All the wisdom in the world has been summed up for us in a person. His name is Jesus! Paul says in 1 Corinthians 1:24, “Christ is the mighty power of God and the wonderful wisdom of God.” John tells us that no one has ever seen God at any time but that He took on a body of flesh (we call that the incarnation), and pitched his tent with us. The literally rendering of the phrase is “pitched his tent” or “tabernacled” with us. The presence of God was manifested in the tabernacle during the wilderness wanderings which was housed in a temporary, and movable, facility. We call those facilities tents. The Bedouins still live in tents today. We’ll see them next month along the roads when we travel from the northern areas of Israel to the southern ones around the Dead Sea. The tents serve as houses for the Bedouin families. Having seen the tents in Israel, I’ve been very receptive to the writer’s attempt to make John 1:14 come alive for us in the translation that says, “And the Word became flesh and moved into our neighborhood.” He was indeed “God with us.”
Horatius Bonar said, “All that is in God, all that can come forth out of God is contained in Christ.
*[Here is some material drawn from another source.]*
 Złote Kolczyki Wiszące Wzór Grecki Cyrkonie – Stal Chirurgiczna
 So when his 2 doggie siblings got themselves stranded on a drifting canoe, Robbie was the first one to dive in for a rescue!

He is the full representative of the invisible and incomprehensible Jehovah. He is the brightness of Jehovah’s glory and the express image of his person. In the works of creation God has displayed portions of his wisdom, but in Christ he put forth the whole of it, so it can be said of Christ, he is the wisdom of God. Thus, the knowledge of Christ not only transcends all other knowledge, but includes them all; the study of this embodiment of all that is in God is not only superior to but embraces all other studies.”
In 1 Corinthians, Paul focuses his lesson by contrasting the wisdom of the world with the wisdom of God. He contrasts the rulers of this world, and their wisdom, with Jesus as God’s wisdom. He says that if the rulers of this world would have “…known the wisdom of God, they would not have crucified the lord of Glory” (1 Corinthians 2:7-8). John Piper summarizes this by saying, “the rulers who put Jesus to death are probably the most vivid example of the fact that you can measure a person’s true wisdom by whether they recognize Jesus as the Lord of glory…You can tell whether a person’s mind is dominated by the wisdom of the world or the wisdom of God by whether he acknowledges the crucified Christ to be not a criminal but the Lord of glory.”
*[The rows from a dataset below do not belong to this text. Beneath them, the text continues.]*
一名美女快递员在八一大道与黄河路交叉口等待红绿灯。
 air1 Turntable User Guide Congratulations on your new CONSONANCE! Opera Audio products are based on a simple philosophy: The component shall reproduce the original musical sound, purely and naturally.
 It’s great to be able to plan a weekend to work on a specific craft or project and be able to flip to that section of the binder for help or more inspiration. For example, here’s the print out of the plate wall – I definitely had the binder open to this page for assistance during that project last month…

In the Fall I’m hoping to begin a new series on Jesus. If it’s true, that the entire corpus of God’s wisdom is embodied in Christ, I can’t think of a better subject to study. I’m thinking about calling it “Jesus, Jesus, Jesus!” I’m going to argue that absolutely everything from the creation of the world in Genesis to the creation of the New World at the end of Revelation can only be understood through the knowledge of Jesus Christ, the full incarnation of God and God’s wisdom.